Coursera Deep Learning Module 1 Week 2 Notes
Week 2 - Neural Networks Basics
Binary Classification
Given a pair \((x, y)\) where \(x \in \mathbb{R}^{n_x}, y \in \{0, 1\}\). With \(m\) training examples you would have \(\{(x^1, y^1), (x^2, y^2),...(x^m, y^m)\}\). Stacking them together you would come up with the matrices X and Y below which are much easier to train in batches since there are many vectorized optimizations readily available. \(X \in \mathbb{R}^{n_x \times m}, Y \in \mathbb{R}^{1 \times m}\)
Logistic Regression
- Given $x$ we want the $ \hat{y} = P(y=1 | x) $
- $x \in \mathbb{R}^{n_x}, 0 \geq \hat{y} \geq 1$
- Parameters: $ w \in \mathbb{R}^{n_x}, b \in \mathbb{R} $
- Output $\hat{y} = \sigma(w^Tx + b)$
- $z = w^Tx + b$
- $\sigma(z) = \frac{1}{1+e^{-z}}$
- If z is large (\(\displaystyle\lim_{z\to\infty}\)) then $\sigma(z) \approx \frac{1}{1+0} = 1$
- If z is a large negative number (\(\displaystyle\lim_{z\to-\infty}\)) then $\sigma(z) \approx \frac{1}{1+\infty} \approx 0$
Logistic Regression Cost Function
- Given \(\{(x^1, y^1), (x^2, y^2),...(x^m, y^m)\}\), we want $ \hat{y}^{(i)} \approx y^{(i)}$
- Squared Error: $\mathcal{L}(\hat{y}, y) = \frac{(\hat{y} - y)^2}{2}$ might not be a good option because it’s not convex
- $\mathcal{L}(\hat{y}, y) = (y\log\hat{y} + (1-y)\log(1-\hat{y}))$
- If $y=1: \mathcal{L}(\hat{y}, y) = -\log\hat{y}$ <- want $\log\hat{y}$ to be large meaning we want $\hat{y}$ large
- If $y=0: \mathcal{L}(\hat{y}, y) = -\log(1-hat{y})$ <- want $\log(1-\hat{y})$ to be large meaning we want $\hat{y}$ small
- Cost function: $\mathcal{J}(w, b) = \frac{1}{m} \sum_{i=1}^{m}\mathcal{L}(\hat{y}^{(i)}, y^{(i)})$, in other words, the cost function is the average of the loss on the given examples
- Loss function applies to a single training example
- Cost function applies to all the examples
Gradient Descent
- We want to find $w, b$ that minimize $\mathcal{J}(w, b)$
- This loss function is convex, therefore pointing to a single minima
- Gradient Descent: $w := w - \alpha \frac{\partial\mathcal{J}(w, b)}{\partial w}$ and $b := b - \alpha \frac{\partial\mathcal{J}(w, b)}{\partial b}$ where $\alpha$ is the learning rate
Derivatives
- Intuition about derivatives: $f(a) = 3a$ the slope of $f(a)$ at $a=2$ is 3 and at $a=5$ is 3 as well. Therefore $\frac{df(a)}{da} = 3 = \frac{d}{da}f(a)$
- In a line the slope doesn’t change, therefore the derivative is constant
More Derivative Examples
- $f(a) = a^2$ the slope of $f(a)$ at $a=2$ is 4 and at $a=5$ is 10. Therefore $\frac{df(a)}{da} = 2a $
- The slope is different for different values as t doesn’t increases linearly.
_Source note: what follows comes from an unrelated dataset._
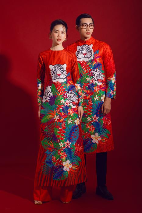 Hình tượng chú Hổ được NTK biến hóa thành nhiều họa tiết khác nhau, vừa dũng mãnh, quyền lực, nhưng cũng vừa rực rỡ, thời trang. Các kiểu dáng áo dài truyền thống được NTK chỉnh sửa cho phù hợp với kỹ thuật cắt may hiện đại, mang lại sự thoải mái cho người mặc.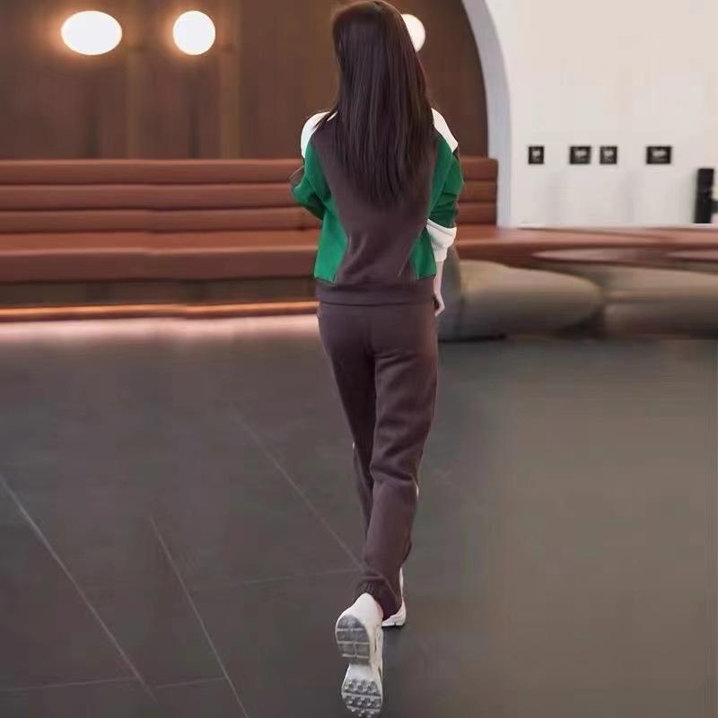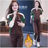 (De dos piezas) Traje Deportivo Casual de Moda para Mujer, Otoño/Invierno 2025, Forrado de Felpa, Grueso, Sudadera Elegante de Cuello Alto para Mujer

- $f(a) = a^3$ has derivative as $\frac{df(a)}{da} = 3a^2 $
- $f(a) = \ln(a)$ has derivative as $\frac{df(a)}{da} = \frac{1}{a} $
- The derivative means the slope of the function
- The slope of the function can be different on different points of the function
Computation Graph
- $\mathcal{J} = 3(a+bc)$
- $ u = bc$
- $ v = a+u$
- $\mathcal{J} = 3v$
- One step of backward propagation on a computation graph yields derivative of final output variable.
Derivatives with a Computation Graph
- $\frac{d\mathcal{J}}{dv} = 3$
- \(\frac{d\mathcal{J}}{da} = \frac{d\mathcal{J}}{dv} \frac{dv}{da} = 3 * 1 = 3\) (chain rule)
- $\frac{d\mathcal{J}}{du} = \frac{d\mathcal{J}}{dv} \frac{dv}{du} = 3 * 1 = 3$ (chain rule)
- $\frac{d\mathcal{J}}{db} = \frac{d\mathcal{J}}{du} \frac{du}{db} = 3 * 2 = 6$ (chain rule)
- $\frac{d\mathcal{J}}{db} = \frac{d\mathcal{J}}{du} \frac{du}{dc} = 3 * 3 = 9$ (chain rule)
- The best way is to flow from the right to left
- In this class, what does the coding convention dvar represent?
- The derivative of any variable used in the code.
- The derivative of input variables with respect to various intermediate quantities.
- The derivative of a final output variable with respect to various intermediate quantities.
Logistic Regression Gradient Descent
- Suppose we only have two features \(x_1\) and \(x_2\)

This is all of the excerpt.